Nous habitons aujourd’hui un espace double – matériel et cognitif. Désormais, pour presque deux milliards d’individus, nouer des amitiés, développer des relations professionnelles ou encore constituer un couple passe par Internet. Au fur et à mesure que les usages informatiques se démocratisent, la peur des risques de rupture du lien social associés à ces technologies cède progressivement le pas à une perspective qui met en évidence les potentialités « socialisantes » des technologies numériques. Il y a un Internet d’information, où l’on recherche les meilleurs prix pour les billets de train, où l’on vérifie les horaires des séances au cinéma. Mais il y aussi un Internet de communication. C’est l’espace où l’on échange des mails, on parle avec ses amis par clavier interposé, on partage de la musique et des photos avec des inconnus.

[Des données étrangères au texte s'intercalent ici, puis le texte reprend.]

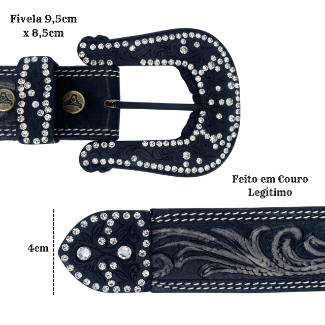 Sua fivela na cor preta é decorada com strass, adicionando um toque de brilho discreto e moderno, perfeito para mulheres que gostam de detalhes que fazem a diferença. Além de seu design exclusivo, o cinto é resistente e confortável, garantindo durabilidade para o uso diário.

Et cette communication est, justement, un fait social nouveau, une forme de coexistence assistée par les ordinateurs qui demande un regard nouveau de la part des artistes, des chercheurs et des décideurs politiques.

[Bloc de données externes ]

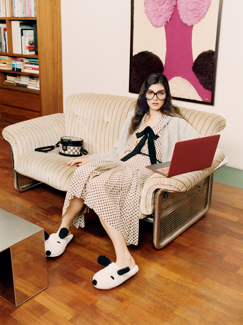 Бороздить Zoom-просторы полагается в шелковых блузах с бантами и кардиганах леденцовых расцветок – как на героинях фоторепортажей Слима Ааронса.
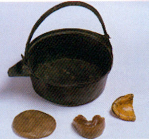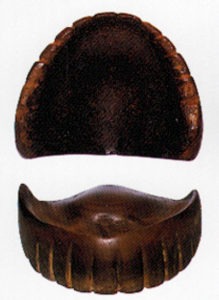 La date de fabrication est estimée vers 700 (à gauche : en pierre – à droite : en ébène)
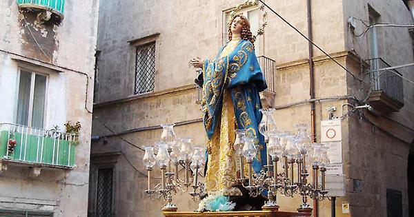 Venerdì 29 novembre, per l’inizio della novena, alle ore 17.30 il venerato simulacro dell’Immacolata sarà portato dalla cattedrale al santuario della Madonna della Salute, accompagnato, oltre che dalla confraternita, dai Cavalieri di Malta e dalla banda “Santa Cecilia”. Dal 30 al 6 dicembre, la novena si svolgerà con il santo rosario alle ore 18 e la santa messa alle ore 18.30. Domenica 1 dicembre, alle ore 18.30, durante la celebrazione eucaristica, cerimonia di professione dei nuovi confratelli e consacrazione dei bambini all’Immacolata. Sabato 7 dicembre, in cattedrale, alle ore 17 avrà luogo il solenne Pontificale dell’arcivescovo. Domenica 8, alle ore 9.30 santa messa celebrata da mons. Emanuele Ferro, parroco della cattedrale e padre spirituale della confraternita; a seguire, la processione per le vie della città vecchia, con tutte le confraternite, i Cavalieri di Malta e la banda musicale “Santa Cecilia”, diretta dal maestro Giuseppe Gregucci. L’itinerario prevede una deviazione su corso Vittorio Emanuele per la presenza del cantiere di ristrutturazione a palazzo Carducci (facciata via Duomo): quindi dopo l’uscita s’imboccherà largo arcivescovado, corso Vittorio Emanuele, vico San Pietro Imperiale (davanti alla chiesa di San Domenico), pendio San Domenico, piazza Fontana, via Garibaldi, via Sant’Egidio, via Di Mezzo e rientro per via Duomo fino alla cattedrale.

L’idée qu’Internet et ses technologies soeurs soient des outils froids, éloignés de l’expérience humaine est fausse. Internet est une technologie de la chaleur humaine. Les réseaux sociaux actuels traversent notre quotidien, les ordinateurs meublent nos maison, les smartphone collent à notre corps. Notre machinerie, pour reprendre les propos de Bruce Sterling, est presque arrivée “sous la peau”.

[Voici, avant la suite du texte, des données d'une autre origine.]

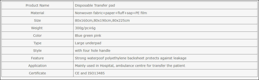 Transfer Sheet used to transfer and movement from one bed to another. This transfer sheet is very much needed in the ward, emergency department, operating theatre and etc where movement is critical for patient safety. Its made of Non Woven fabric with SAP combination for fluid absorption from patient body fluid and etc.
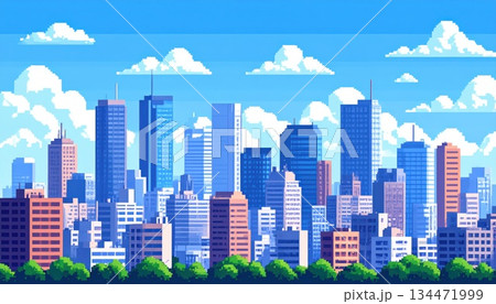 都市景観の背景。高層ビルが立ち並ぶ都会の街並み風景イラスト。オフィスビルと商業ビル。
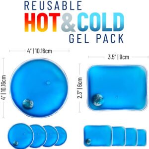 - HANDS FREE DESIGN & LONG LASTING WARMTH: Our reusable hot cold packs come in a set of 10, 5 Round (4” diameter) & 5 Rectangle (4.7” x 3.2”); two extra fabric pockets with straps are included to hold the pad in place for hands-free usage, and to provide longer lasting heat therapy

La miniaturisation des ordinateurs (initiée dans le deuxième après guerre) a engendré une reterritorialisation de ceux-ci, leur permettant petit à petit d’intégrer l’espace domestique. Le premier changement que cette miniaturisation a impliqué est donc celui de l’espace physique. L’agencement des pièces, des meubles, des chambres change avec l’arrivée de ce nouvel appareil électroménager qu’il faut installer, comme on a installé avant lui la radio ou la télévision. Mais il n’y a pas que l’espace domestique qui est bouleversé par l’arrivée de cet équipement : l’espace technologique de la maison l’est aussi avec l’arrivée d’un équipement dont le contenu technologique est par définition plus important que les autres, puisqu’il permet de tout faire (jouer de la musique, regarder des films, jouer, communiquer…). Enfin, ils ont également reconfiguré l’espace social. Pour les “enfants de l’ordinateur” des années 80, l’ordinateur a été l’occasion de s’autonomiser ou de resituer le rôle qu’ils avaient au sein de la famille. Il va de même pour la Génération Y d’aujourd’hui – les utilisateurs de Facebook et des autres médias sociaux.Rien de plus éloigné du mythe du cyberespace, colporté par nombre de théoricien du Web, passés et présents : connecté en ligne, tout internaute serait-il aspiré dans une « réalité virtuelle » ? Suite à la banalisation des bornes wi-fi et des interfaces informatiques, les usagers d’aujourd’hui se branchent à Internet comme ils se brancheraient à une prise électrique. Il devient alors clair que continuer à penser au Web comme à un espace transcendant par rapport à notre réel est une erreur d’évaluation lourde de conséquences théoriques et politiques.